Information given ->
-------
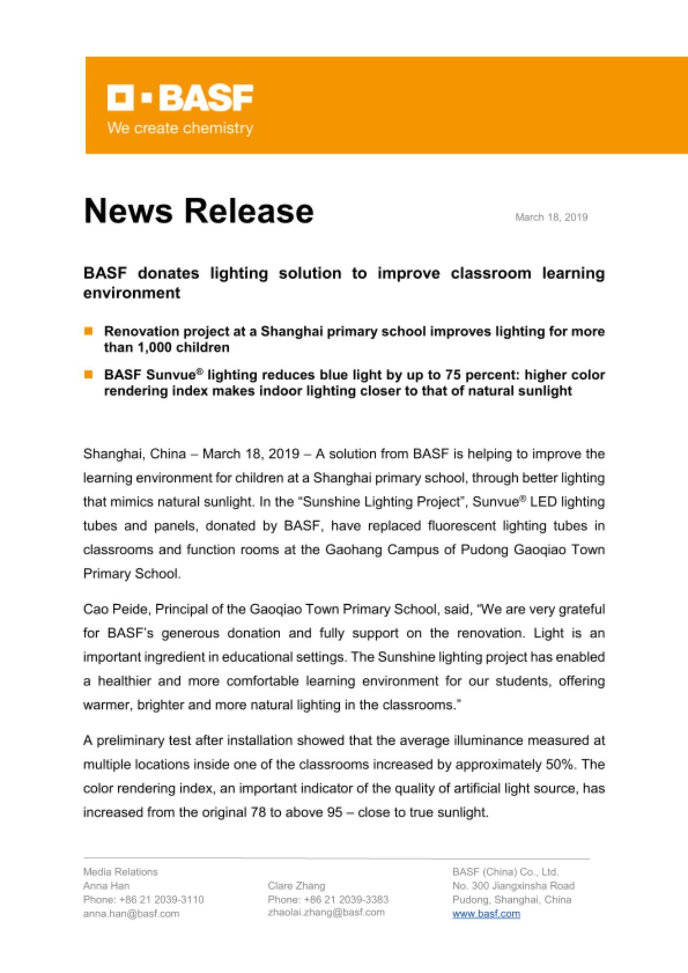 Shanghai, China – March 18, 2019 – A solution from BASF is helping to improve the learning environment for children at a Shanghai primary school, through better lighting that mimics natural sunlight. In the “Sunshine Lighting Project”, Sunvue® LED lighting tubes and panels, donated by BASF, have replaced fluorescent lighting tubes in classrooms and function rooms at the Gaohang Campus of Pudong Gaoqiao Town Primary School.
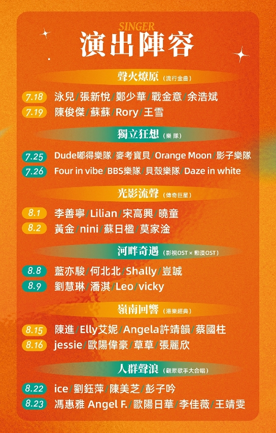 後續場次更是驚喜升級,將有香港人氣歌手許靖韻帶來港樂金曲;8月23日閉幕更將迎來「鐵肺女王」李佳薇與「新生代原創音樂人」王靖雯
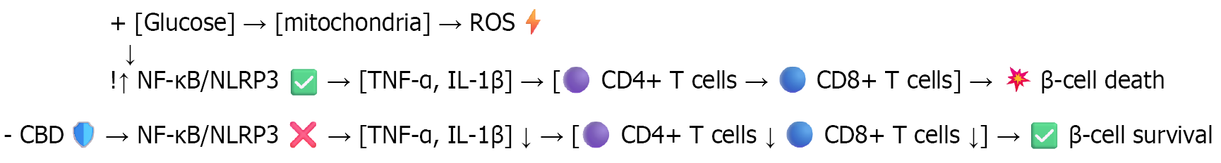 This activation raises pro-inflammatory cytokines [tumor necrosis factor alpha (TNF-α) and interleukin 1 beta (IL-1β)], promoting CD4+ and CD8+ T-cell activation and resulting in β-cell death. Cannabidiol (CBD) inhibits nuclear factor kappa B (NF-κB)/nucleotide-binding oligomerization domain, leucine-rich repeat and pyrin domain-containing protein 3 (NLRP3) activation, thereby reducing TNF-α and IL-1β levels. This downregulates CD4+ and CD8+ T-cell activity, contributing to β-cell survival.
-------
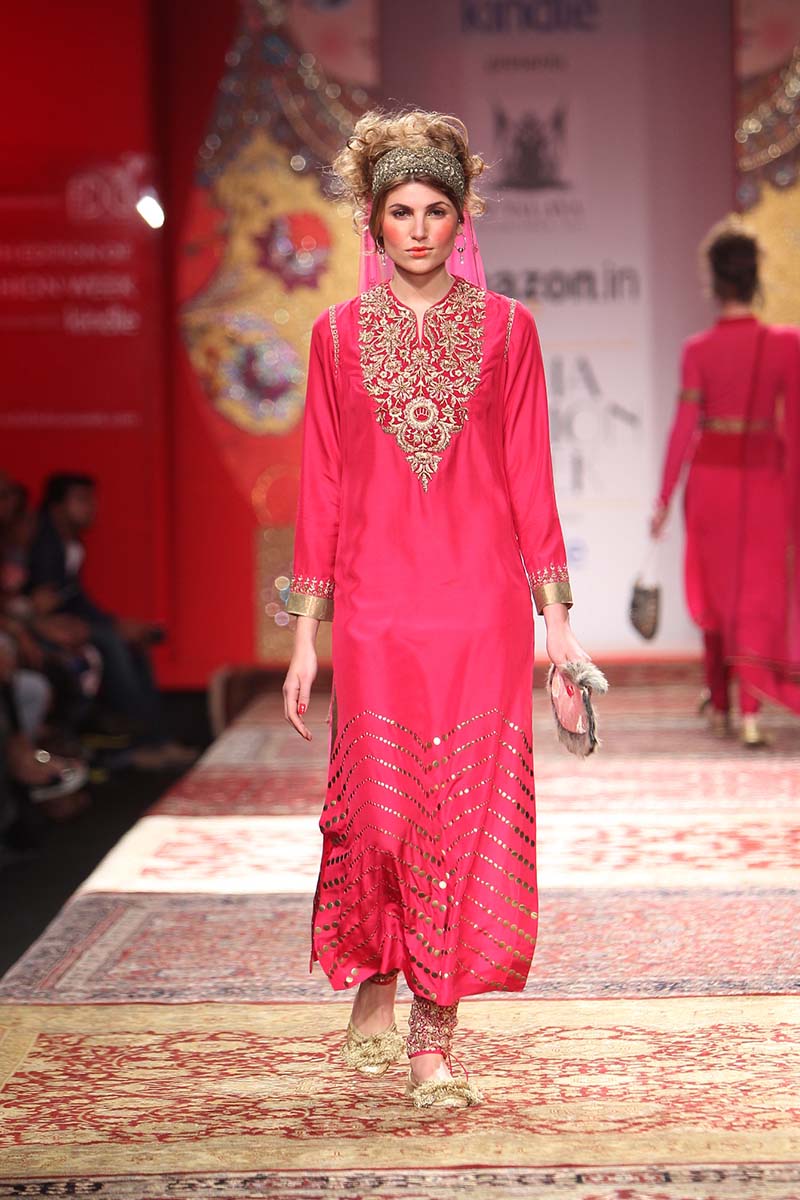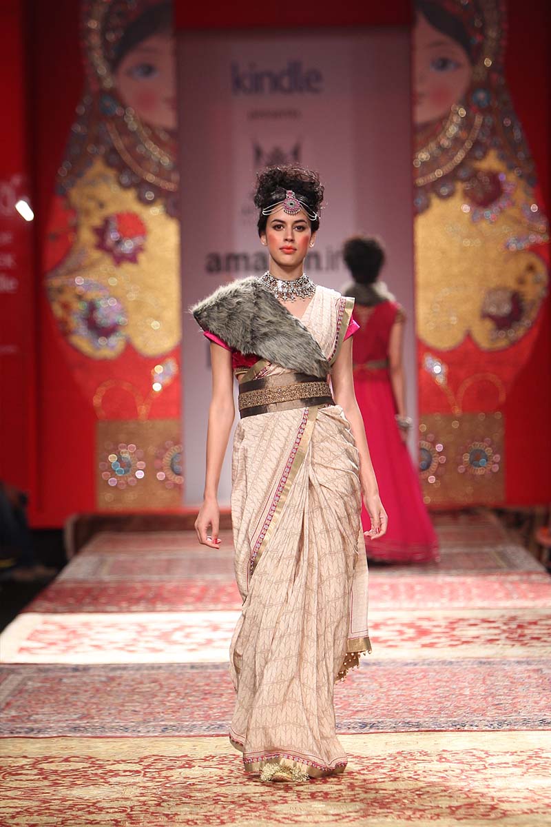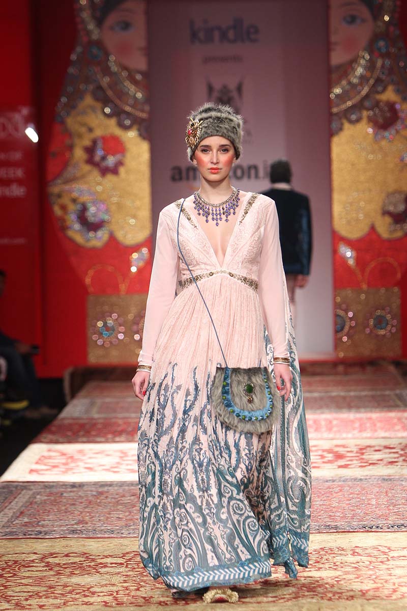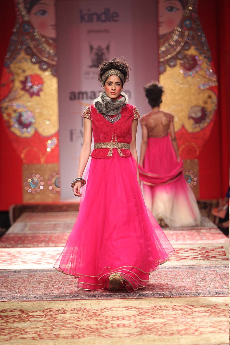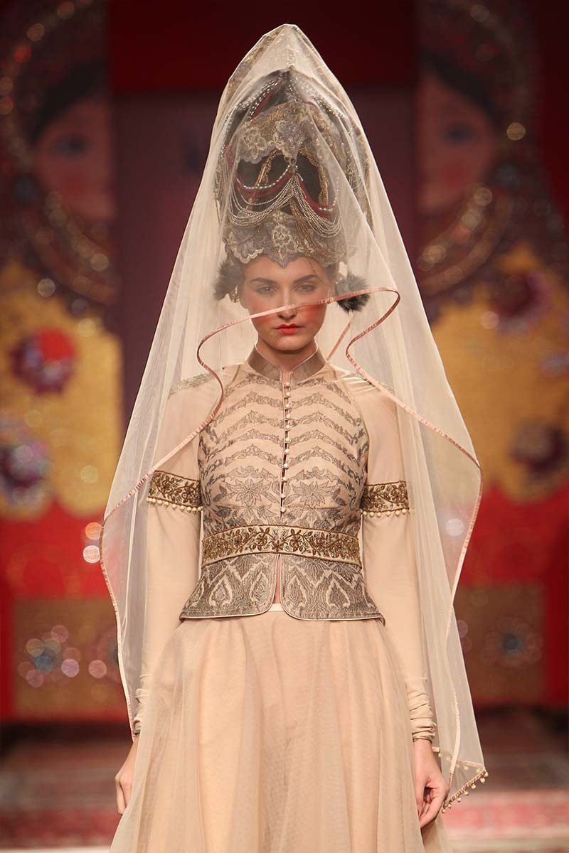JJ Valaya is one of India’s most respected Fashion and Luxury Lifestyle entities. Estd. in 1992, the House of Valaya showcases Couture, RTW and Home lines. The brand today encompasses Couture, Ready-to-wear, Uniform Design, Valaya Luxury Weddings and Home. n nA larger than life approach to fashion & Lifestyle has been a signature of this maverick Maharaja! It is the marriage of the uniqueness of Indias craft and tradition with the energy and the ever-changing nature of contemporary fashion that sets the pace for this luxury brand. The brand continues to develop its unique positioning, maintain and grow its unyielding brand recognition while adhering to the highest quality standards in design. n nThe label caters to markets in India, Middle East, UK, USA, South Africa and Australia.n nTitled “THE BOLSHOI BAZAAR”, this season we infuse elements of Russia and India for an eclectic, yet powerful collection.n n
-------
Exercise goal -> Print the line above containing "Shanghai, China –", the line containing "This activation raises", and everything between them, exactly as written. Pictures stay out.

Solution for this problem ->
 Shanghai, China – March 18, 2019 – A solution from BASF is helping to improve the learning environment for children at a Shanghai primary school, through better lighting that mimics natural sunlight. In the “Sunshine Lighting Project”, Sunvue® LED lighting tubes and panels, donated by BASF, have replaced fluorescent lighting tubes in classrooms and function rooms at the Gaohang Campus of Pudong Gaoqiao Town Primary School.
 後續場次更是驚喜升級,將有香港人氣歌手許靖韻帶來港樂金曲;8月23日閉幕更將迎來「鐵肺女王」李佳薇與「新生代原創音樂人」王靖雯
 This activation raises pro-inflammatory cytokines [tumor necrosis factor alpha (TNF-α) and interleukin 1 beta (IL-1β)], promoting CD4+ and CD8+ T-cell activation and resulting in β-cell death. Cannabidiol (CBD) inhibits nuclear factor kappa B (NF-κB)/nucleotide-binding oligomerization domain, leucine-rich repeat and pyrin domain-containing protein 3 (NLRP3) activation, thereby reducing TNF-α and IL-1β levels. This downregulates CD4+ and CD8+ T-cell activity, contributing to β-cell survival.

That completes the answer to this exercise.